Takami wasn’t shy about killing off his 13-year-old subjects in grisly fashion. Incredibly consistent throughout the series, Masayuki Taguchi’s illustrations of the characters’ individual fates are excruciatingly detailed. Even in its monochromatic depiction, the meticulousness of the horrific wounds will cause you to flinch each and every time. While there is a striking realism to the gory depictions, it is in the facial expressions where Taguchi’s art excels. The sadness in the characters’ eyes is palpable.
The story’s violence is only matched by its stellar characterization. Takami deftly manages to make each of his characters (dozens of them, may I remind you) more than fodder for gruesome murder, instilling personality and, at the very least, motive to their actions. While the reader mostly follows a boy, Shuya, as he searches for and tries to protect his love interest, every student is given time to develop.

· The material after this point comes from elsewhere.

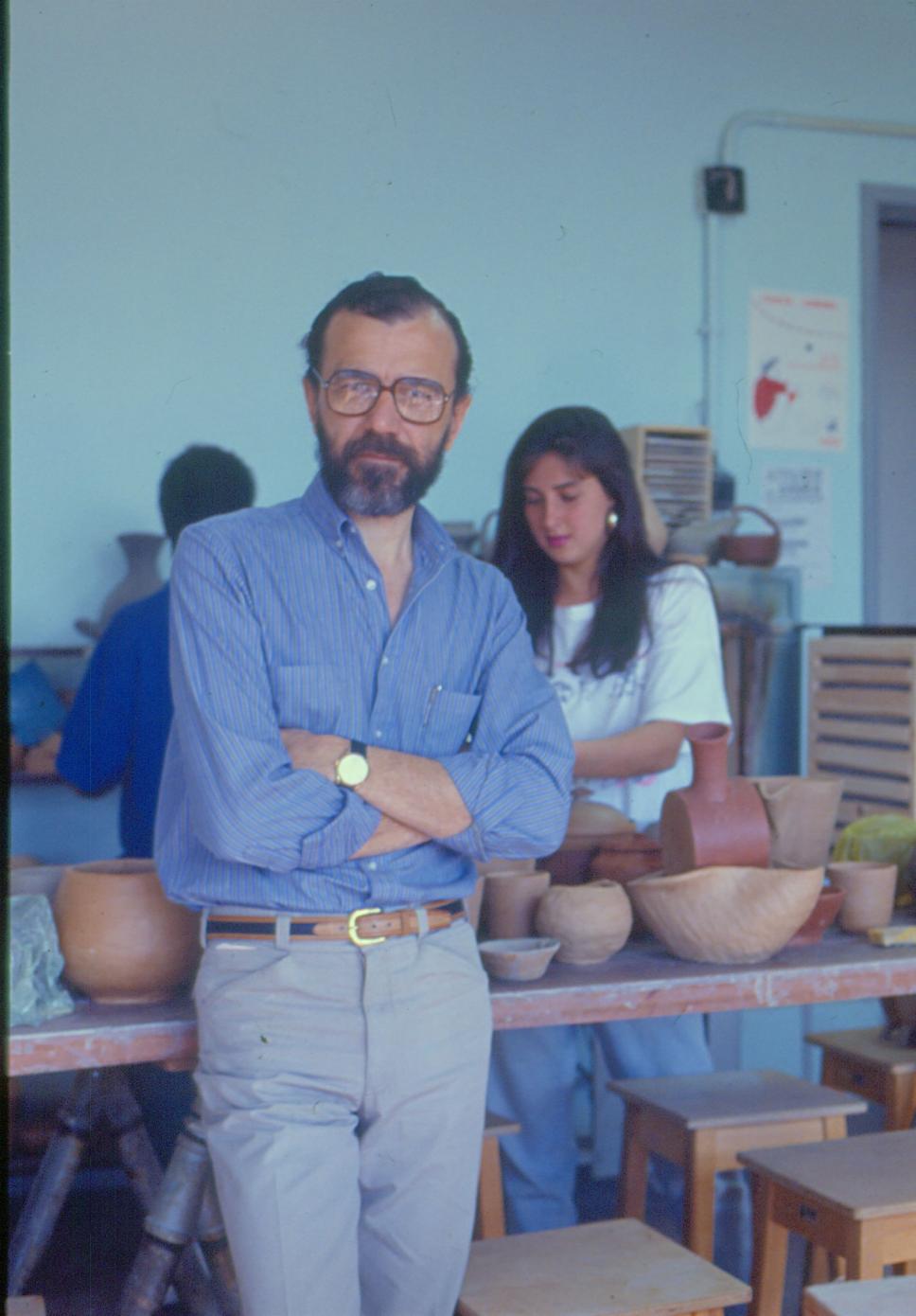 O Professor Elmer Correa Barbosa, do Departamento de Artes, e alunos em aula de cerâmica.

Cliques naturally form or reform, while some groups eagerly hunt down classmates they just particularly don’t care for; these are high school students after all. Others hole up in what they believe to be safe houses, hoping against hope that someone finds a way out of the competition. Conversely, rather than wait it out, there are a few who actively search for methods to circumvent their circumstances and fervently try to take the fight to those overseeing and regulating the competition.
Then there are the lone wolves, the most dangerous and efficient of participants whose killer or survival instincts trigger. One girl uses her sexual guile to get close to her prey before offing them (be aware that, in addition to the horrific gore, there is some very uncomfortable sex and nudity here). Another student finds that he’s just a natural born killer who just so happened to excel at darn near everything before his class was chosen for the competition.
Further, two of the participants are past competition “winners” who have been put through this hell before. While one was dragged back into the game, the other is a sociopath who volunteered for this year’s battle just for the sport of it.
You witness how these people react to their circumstances and you logically wonder how it is you might behave under similar conditions. The diversity of attitudes and actions that the characters take in light of the situation ensure that there is at least one character that the reader will agree with, and thus, be attached to and relate to.
This gives weight to each student’s death, no matter how small of a character they were. This is where Battle Royale shines. If you’ve read The Hunger Games, Battle Royale can be accurately described as the mature-audiences-only version that pulls no punches in any aspect of its storytelling. Surely, its display of violence and death is both clever and unflinchingly brutal, but it is in the exploration of instinctive human nature and in the nuance of burgeoning relationships that makes the story so memorable.